Quick Start¶
HyperProphet API is very close the Prophet API. It supports almost all features of Prophet while extending it to compute multiple forecasts in a single function call.
The input HyperProphet is always a dataframe with three columns: key, ds and y. The ds and y columns are the time and measurement to forecast, just like in Prophet. The key column uniquely identifies each time series.
As an example, let’s look at a time series of the log daily page views for a thousand Wikipedia pages.
First we’ll import the data:
import pandas as pd
import hyperprophet as hp
url = "https://raw.githubusercontent.com/hyperprophet/wikipedia-pageviews-2020/master/wikipedia_pageviews.csv"
df = pd.read_csv(url)
df.head()
article date pageviews
0 Main_Page 2019-01-01 18056372.0
1 Main_Page 2019-01-02 18216021.0
2 Main_Page 2019-01-03 18019006.0
3 Main_Page 2019-01-04 16561555.0
4 Main_Page 2019-01-05 17738812.0
We need to rename the columns before we can forecast:
df = df.rename(columns={"article": "key", "date": "ds", "pageviews": "y"})

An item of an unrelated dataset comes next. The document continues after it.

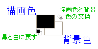 背景色も描画色同様に色を変えることができます。白に戻したい時は描画色を黒に、背景色を白に一度に戻すボタンも使えます。

The rest of the flow is exactly similar to [Prophet][prophet-quickstart].
# step1: fit the model
m = hp.Prophet()
m.fit(df)
Next we need to create the dataframe with future dates.
future = m.make_future_dataframe(periods=30, include_history=False)
future.tail()
The training dataframe has data until 2020-06-30. The future dataframe will have all those dates and additional 30 days.
key ds
576995 2020_coronavirus_pandemic_in_Kerala 2020-07-26
576996 2020_coronavirus_pandemic_in_Kerala 2020-07-27
576997 2020_coronavirus_pandemic_in_Kerala 2020-07-28
576998 2020_coronavirus_pandemic_in_Kerala 2020-07-29
576999 2020_coronavirus_pandemic_in_Kerala 2020-07-30
The next step is to predict the value for for each row in future.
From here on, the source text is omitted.